@kanaries/ml
API Reference/SVM

NuSVC

Learn what NuSVC does, when to use it, and how to run NuSVC in JavaScript or TypeScript with @kanaries/ml for browser and Node.js applications.

Algorithm overview

ν-Support Vector Classification. NuSVC solves the ν-SVM dual problem with an SMO solver (libsvm Solver_NU semantics), like scikit-learn's NuSVC. Instead of the cost parameter C, it takes nu ∈ (0, 1]: an upper bound on the fraction of margin errors and a lower bound on the fraction of support vectors. Raising nu therefore reliably increases the number of support vectors.

Feasibility constraint: nu must satisfy nu <= 2 * min(n+, n-) / n for every pair of classes (checked per one-vs-one subproblem); otherwise fit throws specified nu is infeasible, the same error scikit-learn raises.

JavaScript implementation

@kanaries/ml makes NuSVC available in JavaScript for teams that want SVM-style classification with nu controlling model behavior instead of tuning only through C. This is useful in experimentation-heavy JS workflows where hyperparameter semantics need to match an existing Python or scikit-learn mental model.

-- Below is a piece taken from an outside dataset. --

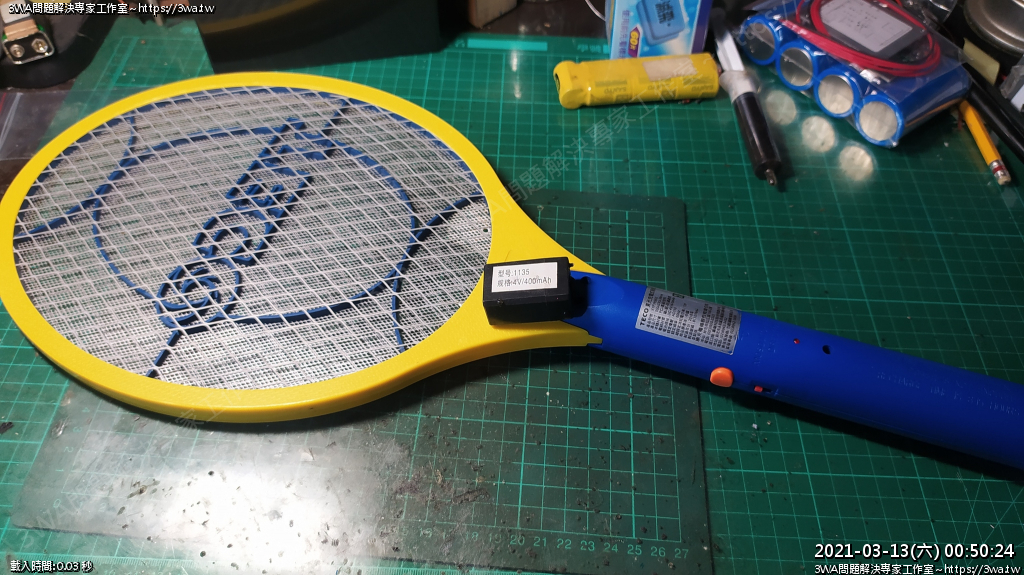 | 內容說明:2021.03.13電蚊拍更換鋰電池 | 瀏覽人數: 1048 |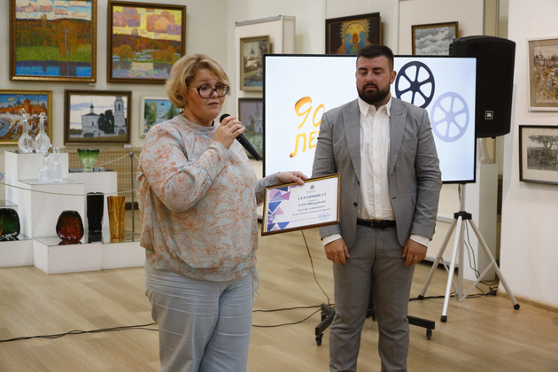 Говоря об истории, нельзя было не сказать о том, что в преддверии круглой даты в оперативное управление Киноцентра был передан кинотеатр «Художественный». Излюбленное место горожан – это теперь тоже часть истории учреждения. Почетным гостем кино-экскурса стал директор «Художественного» Роберт Юрьевич Сергеев, который рассказал участникам торжественной встречи истории из жизни кинотеатра и выразил слова благодарности за работу по восстановлению кинотеатра.

Keeping NuSVC in the same TypeScript runtime also makes it easier to compare linear and kernel SVM variants inside one application stack.

Quick start

NuSVC in Python vs JavaScript / TypeScript

If you searched for "NuSVC in JavaScript" or "NuSVC in TypeScript", this section maps the familiar scikit-learn call to the equivalent @kanaries/ml usage for browser and Node.js runtimes.

Python
scikit-learn
from sklearn.svm import NuSVC

X = [[0, 0], [1, 1], [1, 0], [0, 1]]
y = [0, 1, 1, 0]

clf = NuSVC(nu=0.4, kernel='rbf', gamma='scale')
clf.fit(X, y)
pred = clf.predict([[0.9, 0.8], [0.1, 0.2]])
JavaScript / TypeScript
@kanaries/ml
import { SVM } from '@kanaries/ml';

const X = [[0, 0], [1, 1], [1, 0], [0, 1]];
const y = [0, 1, 1, 0];

const clf = new SVM.NuSVC({ nu: 0.4, kernel: 'rbf', gamma: 'scale' });
clf.fit(X, y);
const pred = clf.predict([[0.9, 0.8], [0.1, 0.2]]);

Quick JavaScript example

import { SVM } from '@kanaries/ml';

const X = [[0, 0], [1, 1], [1, 0], [0, 1]];
const y = [0, 1, 1, 0];

const clf = new SVM.NuSVC({ nu: 0.4, kernel: 'rbf', gamma: 'scale' });
clf.fit(X, y);
const pred = clf.predict([[0.9, 0.8], [0.1, 0.2]]);

Detailed API reference

interface NuSVCProps {
    nu?: number;
    kernel?: 'linear' | 'rbf' | 'poly' | 'sigmoid';
    gamma?: number | 'scale' | 'auto';
    degree?: number;
    coef0?: number;
    tol?: number;
    maxIter?: number;
}
constructor(props: NuSVCProps = {})

Parameters

  • nu (number, default 0.5): upper bound on the fraction of margin errors, lower bound on the fraction of support vectors; must be in (0, 1] and feasible for the class balance
  • kernel ('linear' | 'rbf' | 'poly' | 'sigmoid', default 'rbf'): kernel type
  • gamma (number | 'scale' | 'auto', default 'scale'): kernel coefficient for rbf, poly, and sigmoid
  • degree (number, default 3): degree of the polynomial kernel
  • coef0 (number, default 0): independent term of the poly and sigmoid kernels
  • tol (number, default 1e-3): KKT-violation tolerance for SMO convergence
  • maxIter (number, default -1): hard limit on SMO pair updates; -1 runs until convergence

There is no C parameter: nu replaces it, exactly as in scikit-learn. NuSVC otherwise shares SVC's API, including decisionFunction, getSupportVectors, and getNSupport.

Implementation workflow

  1. Choose kernel and initialize a conservative nu value.
  2. Fit NuSVC and inspect validation accuracy and support vector count.
  3. Tune kernel and nu jointly for generalization and runtime limits.

JavaScript deployment notes

  • Use NuSVC when you prefer nu-based control over support vectors and margin behavior.
  • Scale features before training, especially for kernel-based setups.
  • Compare it directly with SVC in validation because the best control scheme depends on the dataset.